California inmate Jarvis Jay Masters plans to appeal rejection in federal court

Josh Marcus
San Francisco
Tuesday 10 September 2024 21:34 BST
Why the death penalty isn't working for America

A long-time California death row inmate, whose innocence campaign has attracted support from celebrities like Oprah Winfrey, plans to continue fighting after a federal court rejected his appeals earlier this month.

“I was hopeful, but I had also prepared myself emotionally for yet another legal hurdle in securing my freedom,” Jarvis Jay Masters said in a statement to The Los Angeles Times.

Masters, 62, is on death row for the 1985 murder of San Quentin State Prison corrections officer Sgt. Hal Burchfield.

Prosecutors accused Masters of making the weapon that others used to kill the sergeant and said notes in the inmate’s hand describing making the sharpened piece of metal used in the murder.

Family members of Burchfield are split over Masters’s claims of innocence, they told the Times.

Masters, meanwhile, maintains his innocence and says he was forced to copy out the notes by superiors in a prison gang.

The California man entered San Quentin in 1981 at age 19 on an armed robbery charge, after a childhood marked by chronic hunger, neglect, foster care, and domestic violence against his mother.

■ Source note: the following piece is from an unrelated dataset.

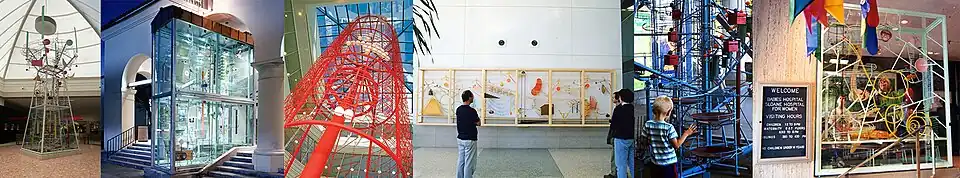 Rhoads' sculptures have been installed in public spaces and private collections around the world.[9] The pieces range in size from small wall-mounted sculptures to machines that fill entire rooms and span multiple stories.[12] Some of his work belongs to permanent museum collections at institutions like the Museum of Modern Art in New York and the Art Institute of Chicago.[6] Nearly all of his sculptures are still in operation and they have been noted for their popularity with the public.[9]

Buddhist death row inmate backed by Oprah vows to fight on after losing bid to overturn his conviction
Buddhist death row inmate backed by Oprah vows to fight on after losing bid to overturn his conviction (freejarvis.org)

In prison, Masters converted to Buddhism and wrote the 2009 memoir That Bird Has My Wings, which was later featured as a pick in the influential Oprah’s Book Club.

In a 2022 discussion of the book, Winfrey described the memoir as “the story of a young boy victimized by addiction and poverty and violence and the foster care system and later the justice system,” and said Masters’s account “touched me so deeply and still does today.”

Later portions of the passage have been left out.